Ces dix dernières années, les traitements génétiques ont fait « des progrès fulgurants, y compris pour traiter la cécité et certains types de leucémie ». Seulement, leurs coûts élevés les rendent « inaccessibles » en dehors de pays riches. Les NIH et la Fondation Bill & Melinda Gates disent donc vouloir favoriser leur accessibilité. À l’hôpital pour enfants St. Jude de Memphis, les médecins ont déjà appliqué une thérapie génique expérimentale à un enfant atteint de déficit immunitaire combiné sévère. Ils lui ont extrait de la moelle osseuse pour corriger le gène défaillant avant de lui réintroduire.

« D’un point de vue physiologique et de qualité de vie, cela fonctionne », avance le médecin de St. Jude, James Downing. « Reste à savoir si ce sera durable. Est-ce que cela durera 10, 20 ou 50 ans pour ces enfants ? Nous ne le saurons qu’avec le temps. » Pour certains malades, ce temps est évidemment précieux.

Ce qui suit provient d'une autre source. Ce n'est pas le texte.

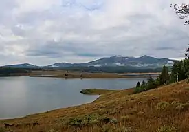 Steamboat Lake State Park is a Colorado state park located in Routt County 27 miles (43 km) north of Steamboat Springs, Colorado, and near the community of Hahns Peak Village. The 2,820-acre (1,140 ha) park land west of Hahns Peak was acquired in 1966.[2] It and the 1,101 acres (446 ha) reservoir was opened to the public in 1972.[3][2] As of 2021 park facilities include a visitors center, marina,[2] boat ramps, campsites, cabins, picnic sites and 5.5 miles (8.9 km) of hiking trails. Plant communities include sagebrush shrubland, quaking aspen and lodgepole pine forests, willow carr and marsh. Commonly seen mammalian wildlife species include mule deer and red fox. The reservoir attracts many species of shorebirds and waterfowl, including sandhill cranes that nest in the wetland areas.

Mais ce genre de thérapies est susceptible de provoquer des leucémies ou des effets secondaires importants. Autrement dit, aucun médecin sérieux ne conseillera à ses patients de toucher à son ADN à la maison. Josiah Zayner regrette d’ailleurs d’avoir publiquement utilisé CrispR sur lui-même. « Je m’en veux car les gens le voient maintenant comme un moyen de devenir connu », souffle-t-il. « Et certains vont se faire du mal, ça ne fait aucun doute. »

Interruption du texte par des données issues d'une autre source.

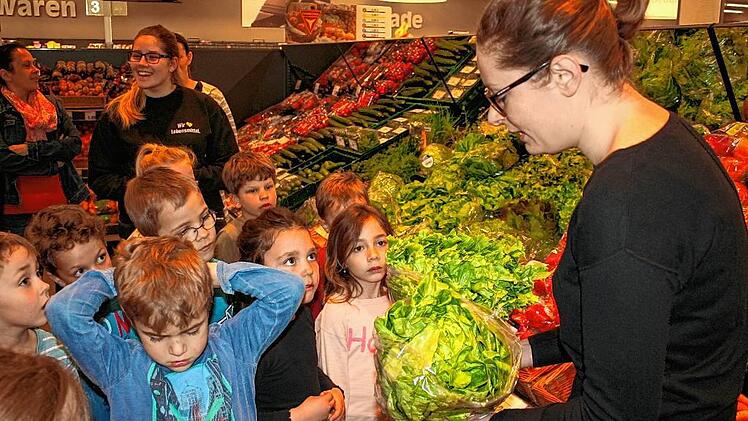 Der aufregende Vormittag der zwölf Kinder beginnt mit einer Begrüßung durch das Supermarktpersonal. Passenderweise werden die Jacken erst einmal in einem Einkaufswagen gesammelt. Dann beginnt eine detaillierte Führung durch den Markt. Die erste Station ist ein Blick hinter die Kulissen. „Was macht ihr denn mit euren leeren Flaschen?“, werden die Kinder gefragt. Nach dem ersten Impuls „wegwerfen“, fällt dann doch das Stichwort: „Die kommen in den Automaten!“

Le bio-éthicien de Stanford Hank Greely est d’accord sur ce point. « Même s’il fait tout bien, des gens vont le copier et pourraient se faire mal », réagit-il en apprenant sa volonté de s’injecter un vaccin potentiel contre le Covid-19. « Les expériences qui ne sont pas sous contrôle, avec des ingrédients douteux, qui ne respectent pas les standards et les conditions scientifiques ont peu de chance d’apporter des connaissances qui produiront un vaccin plus vite. » Josiah Zayner est encore une fois prêt à prendre les paris.